C’est une pauvre femme éplorée que Portzamparc avait quittée. Pas si bête, mais bouleversée.
- Que vais-je devenir, maintenant ? Elle était pour ainsi dire ma seule famille… J’en ai connu, d’autres pensionnaires d’ici… Le jour où leur dernier parent a disparu, elles n’ont pas mis longtemps à partir…
Portzamparc prit le tramway pour retourner à Mägott Platz. Il tirait de cette entrevue qu’il fallait se concentrer sur l’amant. La rame se mit en marche dans un bruit de grincement. Quitter ces rues fleuries pour retrouver la brume industrielle, les rues populeuses...
*
Au commissariat régnait une activité fébrile.
Rampoix avait interrogé le vigile de la Dentelle Rose, un physionomiste. Il avait permis d’établir un portrait-robot précis du bel amant de Juliana.
On entrevoyait déjà une rivalité potentielle entre lui et… Boncousin. Le bellâtre et le brave flic. On allait maintenant s’intéresser aux employés de la corpole Donasserne pour mettre un nom sur l’amant. Dans les dossiers de Boncousin, on n’avait rien trouvé sur la Tête de Rat ni sur Juliana, alias Noémie Ranaud.
Mais comme on savait qu’il existait un lien entre le policier et les Donasserne, on continuait à chercher : pourquoi ceux-ci avaient-ils invité Boncousin à un vin d’honneur ?
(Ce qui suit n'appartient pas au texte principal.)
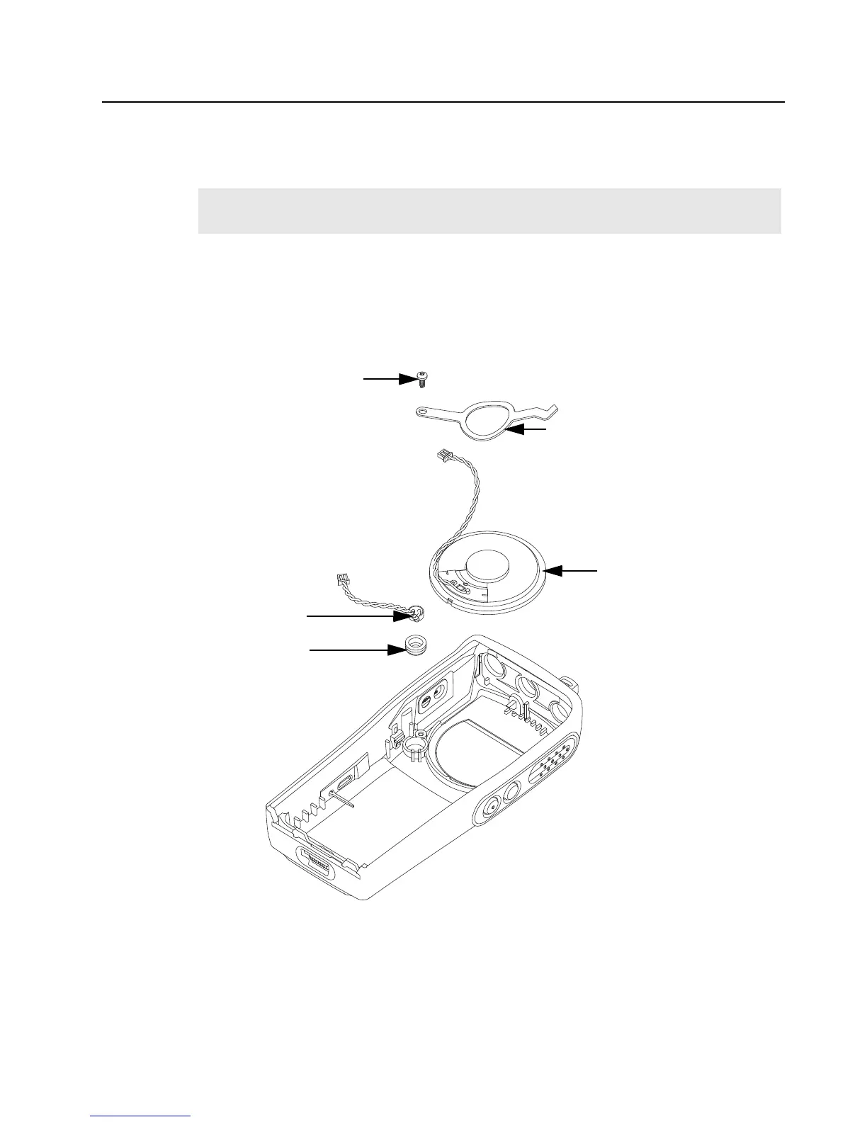 1. Remove the screw from the speaker retainer, Figure 5-13, using a TORX screwdriver with a

Le bel amant, jaloux, serait-il allé jusqu’à embaucher un tueur (la Gueule de Rat) pour éliminer un prétendant ? Pour les beaux yeux de Juliana ? Sampieri était retourné interroger la concierge. Elle n’avait rien dit de plus mais son mari, en pleurs, avait fini par avouer que l’homme à tête de rat, lors de sa première visite, avait menacé de tuer la femme d’abord, devant le mari, avant de s’occuper de lui.
- "Je te ferai crever lentement", qu’il m’a dit…
Mort de peur, le couple n’avait rien dit lorsque Gueule de Rat était revenu, deux jours après.
- Portzamparc, un appel pour toi !
C’était Rampoix. Il le disait d’un ton convenu, que tout le commissariat reconnaissait. Gêné, Portzamparc alla prendre le combiné en tâchant de s’isoler. Pendant que Sampieri disait :
- Ah, l’amour…
- C’est toi ? fit Portzamparc. Non, je ne rentre pas encore… Oui, tu sais avec ce qui est arrivé… J’en ai pour une partie de la nuit… Ne m’attend pas… Non…
Il revint, les joues empourprées, travailler à son bureau.
Lui et Maréchal firent le bilan de la journée. Ils avaient bien avancé. Ils allaient attraper sous peu la Gueule de Rat, ils le sentaient.
Portzamparc se jurait déjà de s’en occuper.
- Je vais rester ici, en attendant les réponses d’ADMINISTRATION…
Rampoix, aussi, qui n’avait pas arrêté depuis la mort de Boncousin, allait faire la nuit.
- Alors bon courage, dit Maréchal en enfilant son manteau.